The private rented sector has doubled in size since the early 2000s. It now houses almost five million households and is the second largest form of tenure after owner occupation. The sector is dominated by small landlords. According to government figures, 43% of landlords own one rental property, representing 20% of tenancies. Social housing stock has plummeted over the last few decades, while owner occupation, an obsession of both major parties, has never have been a suitable tenure for those who require mobility or whose income is uncertain.

We have ‘worst of both worlds’ housing, which has evolved through market forces. The “buy-to-let boom’ housing, which swelled the private rented sector from the late 1990s, is subject to economic cycles. The current situation places some of the neediest people in society in the hands of amateur landlords, to the detriment of both, and means that millions of families with children are living in housing whose physical condition is often poor and face the sword of Damocles of frequently being required to move.

The Law Society has welcomed the ban of no-fault evictions and an end to rental bidding wars. But it says: “The government must outline how it intends to equip courts with adequate resources to handle rising demand, while dealing with existing backlogs.”

It has also called for expanded grounds for landlords to repossess properties using Section 8 eviction notices, for penalties against rogue landlords to be strengthened and more funding for recruitment and training of council enforcement teams.

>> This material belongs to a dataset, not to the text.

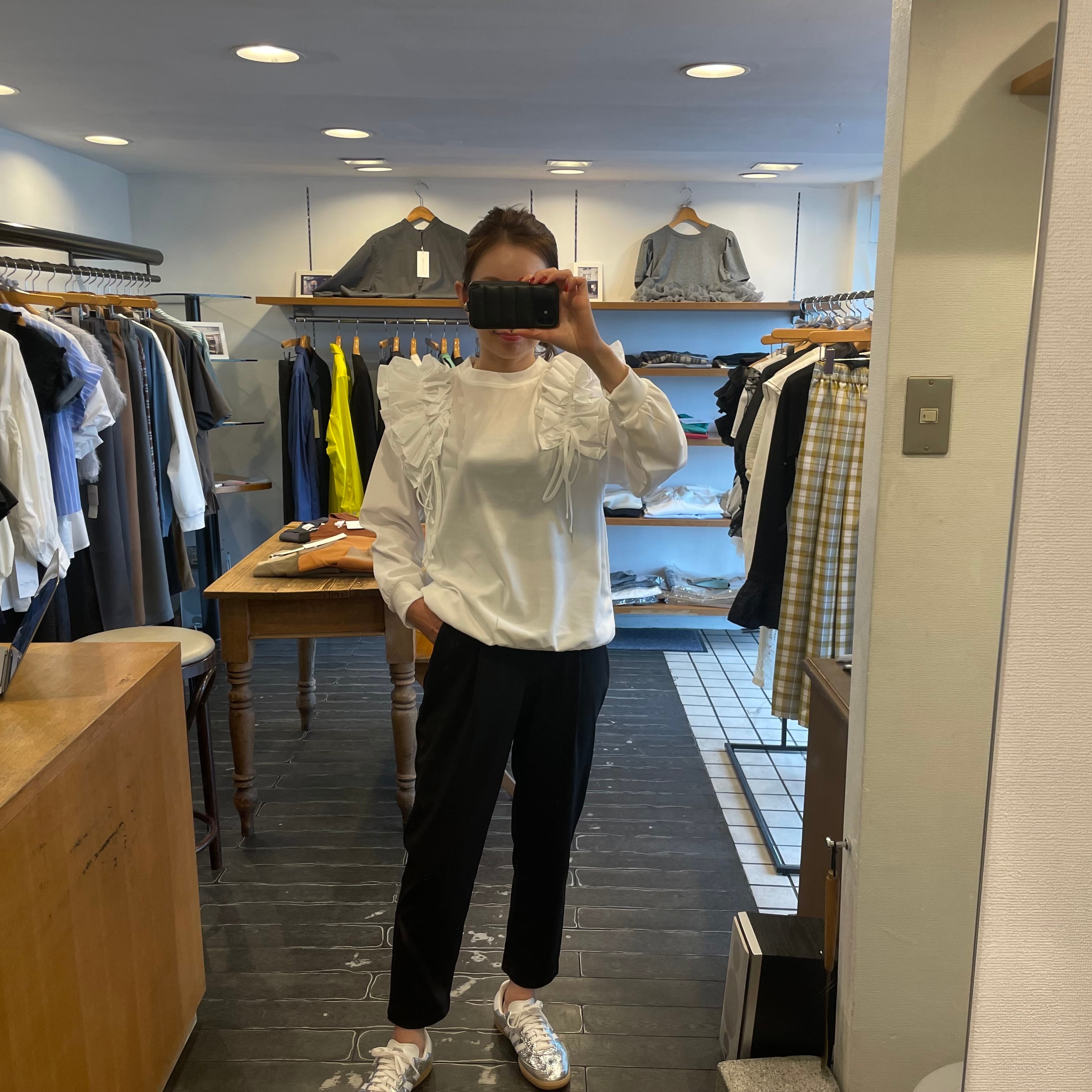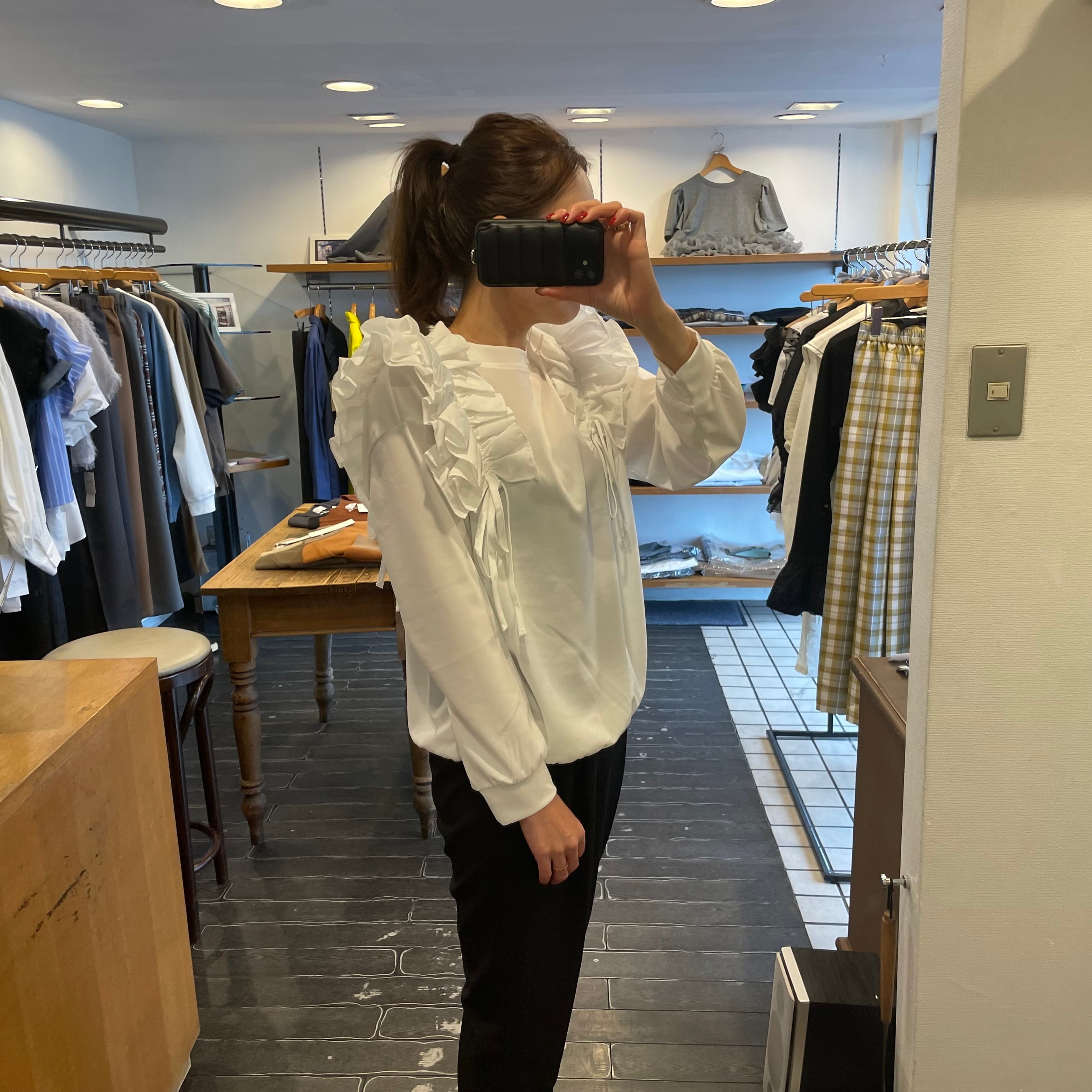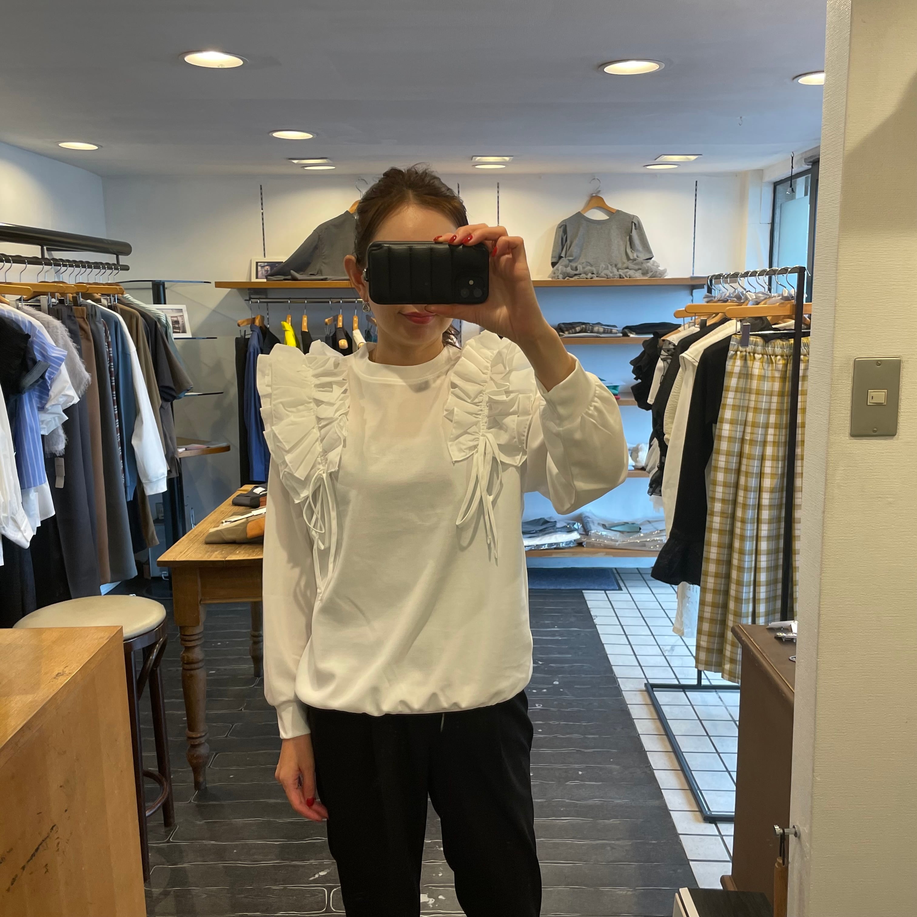 肩部分に施されたギャザーとフリルがフェミニンでエレガントな印象を与え、普段使いはもちろん、ちょっとしたお出かけにもぴったりです。

The National Residential Landlords Association, the UK's largest landlord association, supports the application of the Decent Homes Standard to the PRS, the extension of Awaab’s Law and measures to tackle discrimination.
But it has warned of the “potentially devastating” consequences of the Renters' Rights Bill on the supply of homes to let and rent levels.

Oatt notes that in the 1960s and ’70s, when Labour passed legislation to protect tenants’ rights, private landlords claimed, erroneously, that increasing security of tenure and controlling rents will lead to a meltdown of the PRS. He doubts that the sector’s size, 19% of UK housing stock, will, in reality, decrease but he concedes that the new law could lead to a churn in ownership, so small landlords are replaced by larger ones.

He observes that there are ‘tame’ and ‘wicked ’problems’. The tame ones (like fixing a broken car engine) have clear -parameter and known solutions, wicked problems (solving climate change) are complex and multifaceted, with no clear solution, involving multiple stakeholders with conflicting interests. Housing problems, he says, are wicked ones.